I don't think it should be completely, seeing as how your mom is 86. If she was 76, that would be different. I think you are in a position to retire very soon, actually.
 
The conservative thing to do is assume 80% of your mom's money will be spent on medical and living expenses and you will only inherit 20% of it.

I would focus more time on your retirement. You didn't mention you had a taxable account. Selling stocks from a taxable brokerage account is very tax friendly - especially in the early years of your retirement. On this forum, many early retirees retire in their mid 50's and have a few years of low taxable income . where they fund the first 5-10 years of retirement by selling stock from their taxable brokerage account and doing some Roth IRA conversions, while paying very low income taxes. From a math perspective, delaying your SS until age 67 and doing Roth IRA conversions seems the way to go. You would not need to work past 62, but your would need some way to fund your retirement until age 67.
 
I would plan your retirement and spending/budget based on what you have yourselves.
Anything left after your mother dies is a bonus and you can change plans then.
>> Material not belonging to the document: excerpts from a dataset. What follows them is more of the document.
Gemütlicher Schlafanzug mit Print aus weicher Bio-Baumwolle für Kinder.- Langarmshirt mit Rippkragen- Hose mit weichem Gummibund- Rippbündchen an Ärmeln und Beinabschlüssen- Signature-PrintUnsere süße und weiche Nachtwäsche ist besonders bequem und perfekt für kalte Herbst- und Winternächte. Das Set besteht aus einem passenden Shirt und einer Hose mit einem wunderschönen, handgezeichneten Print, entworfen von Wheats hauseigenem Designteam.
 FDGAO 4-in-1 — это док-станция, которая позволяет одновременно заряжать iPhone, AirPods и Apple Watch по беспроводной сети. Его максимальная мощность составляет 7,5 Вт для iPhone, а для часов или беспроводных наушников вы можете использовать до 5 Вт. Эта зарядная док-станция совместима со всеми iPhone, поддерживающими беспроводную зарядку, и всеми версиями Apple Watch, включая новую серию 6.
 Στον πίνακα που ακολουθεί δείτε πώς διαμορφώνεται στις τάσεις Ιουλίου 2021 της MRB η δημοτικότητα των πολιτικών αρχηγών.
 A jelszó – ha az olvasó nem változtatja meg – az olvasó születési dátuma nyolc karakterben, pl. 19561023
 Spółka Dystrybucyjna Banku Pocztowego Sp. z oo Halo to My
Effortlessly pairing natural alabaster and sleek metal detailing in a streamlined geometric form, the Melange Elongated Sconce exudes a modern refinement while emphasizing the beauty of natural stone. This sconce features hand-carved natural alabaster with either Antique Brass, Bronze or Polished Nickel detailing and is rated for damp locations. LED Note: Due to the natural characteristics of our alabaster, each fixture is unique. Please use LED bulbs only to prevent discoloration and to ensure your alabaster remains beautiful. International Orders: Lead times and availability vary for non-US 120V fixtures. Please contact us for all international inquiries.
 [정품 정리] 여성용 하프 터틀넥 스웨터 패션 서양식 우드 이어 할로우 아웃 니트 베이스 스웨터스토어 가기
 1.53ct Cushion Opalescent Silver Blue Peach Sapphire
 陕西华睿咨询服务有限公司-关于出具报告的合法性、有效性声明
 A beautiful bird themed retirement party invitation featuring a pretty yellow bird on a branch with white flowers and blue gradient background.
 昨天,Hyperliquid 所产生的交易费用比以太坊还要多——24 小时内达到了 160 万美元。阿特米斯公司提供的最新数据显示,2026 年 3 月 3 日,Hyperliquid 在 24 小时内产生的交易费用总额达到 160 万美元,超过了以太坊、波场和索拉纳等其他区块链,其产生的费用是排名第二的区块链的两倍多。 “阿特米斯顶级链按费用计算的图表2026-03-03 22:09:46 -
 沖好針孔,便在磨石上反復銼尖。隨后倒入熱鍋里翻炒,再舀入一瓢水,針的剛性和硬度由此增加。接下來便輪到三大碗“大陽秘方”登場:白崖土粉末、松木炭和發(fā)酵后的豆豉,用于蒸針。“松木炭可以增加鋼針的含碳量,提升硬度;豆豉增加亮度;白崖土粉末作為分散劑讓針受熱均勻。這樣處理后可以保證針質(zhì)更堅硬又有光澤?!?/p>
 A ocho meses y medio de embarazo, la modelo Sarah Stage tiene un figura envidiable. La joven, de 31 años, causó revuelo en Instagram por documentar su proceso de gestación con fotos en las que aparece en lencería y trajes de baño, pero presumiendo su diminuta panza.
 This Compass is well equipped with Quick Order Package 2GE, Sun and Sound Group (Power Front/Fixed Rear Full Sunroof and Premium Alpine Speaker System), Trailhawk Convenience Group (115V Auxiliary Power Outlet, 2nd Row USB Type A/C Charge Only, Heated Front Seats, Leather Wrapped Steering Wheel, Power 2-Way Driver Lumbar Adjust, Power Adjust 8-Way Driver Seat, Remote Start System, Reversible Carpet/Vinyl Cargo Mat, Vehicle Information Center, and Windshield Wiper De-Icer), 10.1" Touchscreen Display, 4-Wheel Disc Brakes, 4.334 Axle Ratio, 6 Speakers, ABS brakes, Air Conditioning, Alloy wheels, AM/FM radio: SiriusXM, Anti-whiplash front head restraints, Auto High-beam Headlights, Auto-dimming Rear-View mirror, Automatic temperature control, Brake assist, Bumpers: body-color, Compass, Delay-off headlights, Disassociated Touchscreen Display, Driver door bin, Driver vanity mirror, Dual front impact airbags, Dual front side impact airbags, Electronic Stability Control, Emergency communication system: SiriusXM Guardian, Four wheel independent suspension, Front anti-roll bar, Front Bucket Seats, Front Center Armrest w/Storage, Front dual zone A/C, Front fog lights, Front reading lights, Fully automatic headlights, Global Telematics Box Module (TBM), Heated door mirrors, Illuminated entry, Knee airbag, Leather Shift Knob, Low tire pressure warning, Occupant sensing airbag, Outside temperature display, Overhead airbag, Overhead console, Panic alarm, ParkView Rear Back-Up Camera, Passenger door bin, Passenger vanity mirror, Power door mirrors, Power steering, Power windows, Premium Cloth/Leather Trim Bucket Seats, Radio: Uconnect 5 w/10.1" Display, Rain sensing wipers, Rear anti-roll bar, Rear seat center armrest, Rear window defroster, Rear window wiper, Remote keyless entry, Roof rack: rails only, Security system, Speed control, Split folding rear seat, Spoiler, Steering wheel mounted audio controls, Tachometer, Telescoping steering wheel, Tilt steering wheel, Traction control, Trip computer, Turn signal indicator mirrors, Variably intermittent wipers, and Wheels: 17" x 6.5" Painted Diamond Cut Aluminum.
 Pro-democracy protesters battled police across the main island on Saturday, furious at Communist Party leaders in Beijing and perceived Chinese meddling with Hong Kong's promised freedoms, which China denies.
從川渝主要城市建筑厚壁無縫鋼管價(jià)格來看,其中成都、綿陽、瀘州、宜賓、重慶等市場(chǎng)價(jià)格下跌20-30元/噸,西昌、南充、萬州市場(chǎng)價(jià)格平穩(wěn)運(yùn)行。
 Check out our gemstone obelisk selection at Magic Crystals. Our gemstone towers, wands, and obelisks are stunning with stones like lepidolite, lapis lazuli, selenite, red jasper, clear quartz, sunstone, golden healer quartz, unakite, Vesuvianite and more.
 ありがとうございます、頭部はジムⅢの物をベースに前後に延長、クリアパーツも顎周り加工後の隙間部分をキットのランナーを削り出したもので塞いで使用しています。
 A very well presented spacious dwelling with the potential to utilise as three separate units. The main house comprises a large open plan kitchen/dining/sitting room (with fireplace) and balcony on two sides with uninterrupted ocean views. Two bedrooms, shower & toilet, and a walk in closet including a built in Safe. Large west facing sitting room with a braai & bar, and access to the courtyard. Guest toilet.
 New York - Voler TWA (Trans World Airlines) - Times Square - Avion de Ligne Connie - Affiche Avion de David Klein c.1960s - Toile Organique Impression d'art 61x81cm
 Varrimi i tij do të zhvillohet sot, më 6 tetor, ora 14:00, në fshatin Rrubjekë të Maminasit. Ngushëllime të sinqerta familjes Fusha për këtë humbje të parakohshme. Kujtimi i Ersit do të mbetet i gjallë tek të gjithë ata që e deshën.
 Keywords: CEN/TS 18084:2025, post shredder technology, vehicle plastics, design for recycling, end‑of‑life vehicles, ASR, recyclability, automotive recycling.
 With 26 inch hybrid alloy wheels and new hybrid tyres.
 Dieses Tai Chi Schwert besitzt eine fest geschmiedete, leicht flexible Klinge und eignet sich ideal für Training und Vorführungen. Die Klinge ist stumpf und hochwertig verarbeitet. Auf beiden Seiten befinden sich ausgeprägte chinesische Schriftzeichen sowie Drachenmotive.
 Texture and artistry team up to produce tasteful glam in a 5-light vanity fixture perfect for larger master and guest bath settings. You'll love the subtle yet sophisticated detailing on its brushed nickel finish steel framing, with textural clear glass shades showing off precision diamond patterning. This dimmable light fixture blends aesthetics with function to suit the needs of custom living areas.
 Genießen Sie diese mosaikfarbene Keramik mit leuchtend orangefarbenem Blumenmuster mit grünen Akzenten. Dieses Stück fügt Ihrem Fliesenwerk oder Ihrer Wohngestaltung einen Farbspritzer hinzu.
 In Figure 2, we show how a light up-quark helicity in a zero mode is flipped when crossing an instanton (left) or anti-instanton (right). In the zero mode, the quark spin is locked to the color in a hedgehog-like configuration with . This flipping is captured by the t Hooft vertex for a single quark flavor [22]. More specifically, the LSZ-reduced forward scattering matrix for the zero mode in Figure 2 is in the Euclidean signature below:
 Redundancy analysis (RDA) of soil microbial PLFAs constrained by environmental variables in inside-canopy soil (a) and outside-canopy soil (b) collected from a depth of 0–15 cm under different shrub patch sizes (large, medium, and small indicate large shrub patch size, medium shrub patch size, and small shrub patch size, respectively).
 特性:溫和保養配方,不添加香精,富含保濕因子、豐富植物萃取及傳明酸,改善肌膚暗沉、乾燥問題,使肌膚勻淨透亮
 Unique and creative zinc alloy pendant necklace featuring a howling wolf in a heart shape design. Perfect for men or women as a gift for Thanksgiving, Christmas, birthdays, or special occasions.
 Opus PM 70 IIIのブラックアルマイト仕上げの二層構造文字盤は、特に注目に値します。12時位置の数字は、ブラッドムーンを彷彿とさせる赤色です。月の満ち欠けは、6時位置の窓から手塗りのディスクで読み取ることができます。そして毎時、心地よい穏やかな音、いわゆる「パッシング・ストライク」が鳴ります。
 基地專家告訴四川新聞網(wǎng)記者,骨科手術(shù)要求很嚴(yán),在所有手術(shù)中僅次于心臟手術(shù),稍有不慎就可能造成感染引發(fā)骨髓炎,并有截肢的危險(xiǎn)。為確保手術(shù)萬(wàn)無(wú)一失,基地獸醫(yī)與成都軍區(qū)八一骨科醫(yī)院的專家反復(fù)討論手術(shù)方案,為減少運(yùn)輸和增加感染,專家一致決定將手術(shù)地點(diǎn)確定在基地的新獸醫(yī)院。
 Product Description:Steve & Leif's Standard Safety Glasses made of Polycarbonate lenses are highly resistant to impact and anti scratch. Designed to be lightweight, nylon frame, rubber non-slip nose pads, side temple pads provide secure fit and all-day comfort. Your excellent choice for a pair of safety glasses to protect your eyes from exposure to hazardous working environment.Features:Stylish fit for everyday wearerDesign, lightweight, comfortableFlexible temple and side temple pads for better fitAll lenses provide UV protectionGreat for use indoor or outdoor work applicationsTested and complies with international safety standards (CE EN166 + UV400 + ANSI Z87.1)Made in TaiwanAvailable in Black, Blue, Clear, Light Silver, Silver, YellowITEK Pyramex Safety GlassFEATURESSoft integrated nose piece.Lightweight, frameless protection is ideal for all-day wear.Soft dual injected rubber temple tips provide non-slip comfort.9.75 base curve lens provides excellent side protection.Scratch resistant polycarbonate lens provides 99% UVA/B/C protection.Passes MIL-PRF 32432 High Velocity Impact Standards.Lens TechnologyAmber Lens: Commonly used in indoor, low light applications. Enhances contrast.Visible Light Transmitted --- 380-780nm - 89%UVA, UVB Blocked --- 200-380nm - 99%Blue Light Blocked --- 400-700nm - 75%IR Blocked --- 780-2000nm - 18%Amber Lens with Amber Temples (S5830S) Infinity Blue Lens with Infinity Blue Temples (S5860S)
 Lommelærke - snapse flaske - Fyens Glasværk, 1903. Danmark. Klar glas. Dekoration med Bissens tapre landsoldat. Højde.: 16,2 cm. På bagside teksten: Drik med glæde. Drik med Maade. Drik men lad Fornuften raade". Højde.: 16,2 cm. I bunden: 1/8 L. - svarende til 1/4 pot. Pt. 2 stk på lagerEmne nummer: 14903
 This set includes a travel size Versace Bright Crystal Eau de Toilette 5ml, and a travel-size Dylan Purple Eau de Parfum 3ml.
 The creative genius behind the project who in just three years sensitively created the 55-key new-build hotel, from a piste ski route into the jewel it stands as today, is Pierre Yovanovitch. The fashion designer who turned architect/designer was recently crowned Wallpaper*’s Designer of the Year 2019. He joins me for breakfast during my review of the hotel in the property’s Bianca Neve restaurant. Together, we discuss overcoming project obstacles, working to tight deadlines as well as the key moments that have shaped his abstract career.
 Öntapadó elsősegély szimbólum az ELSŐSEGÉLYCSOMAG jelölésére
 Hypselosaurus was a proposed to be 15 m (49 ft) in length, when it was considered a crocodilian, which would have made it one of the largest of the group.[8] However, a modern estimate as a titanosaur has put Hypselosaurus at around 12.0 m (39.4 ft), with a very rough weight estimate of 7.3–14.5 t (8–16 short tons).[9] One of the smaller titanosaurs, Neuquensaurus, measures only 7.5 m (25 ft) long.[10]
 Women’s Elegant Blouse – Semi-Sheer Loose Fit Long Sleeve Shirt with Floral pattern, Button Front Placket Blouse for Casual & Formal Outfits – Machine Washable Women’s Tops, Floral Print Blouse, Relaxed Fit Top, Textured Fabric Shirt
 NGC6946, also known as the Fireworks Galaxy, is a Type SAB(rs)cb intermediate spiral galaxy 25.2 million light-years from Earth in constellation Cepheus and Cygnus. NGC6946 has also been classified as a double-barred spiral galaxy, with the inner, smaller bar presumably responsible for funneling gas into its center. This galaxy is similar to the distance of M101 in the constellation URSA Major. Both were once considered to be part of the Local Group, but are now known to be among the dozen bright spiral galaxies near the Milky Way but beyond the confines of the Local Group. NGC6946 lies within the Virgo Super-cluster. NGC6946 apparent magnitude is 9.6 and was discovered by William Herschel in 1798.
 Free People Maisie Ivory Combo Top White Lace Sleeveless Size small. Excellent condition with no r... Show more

As others have said, you never know what your Mom's health/living situation will be over the years.

I faced that with my last parent. I knew approximately what my folks had invested, my Dad was not in the best health after 80, but his mom lived to 100. I thought in the back of my mind, my sibs and I would inherit something, but I definitely did not include any sum in our retirement plans.
My Dad lived to 86, I would give all the inherited money back to have been able to have him with us a few more years.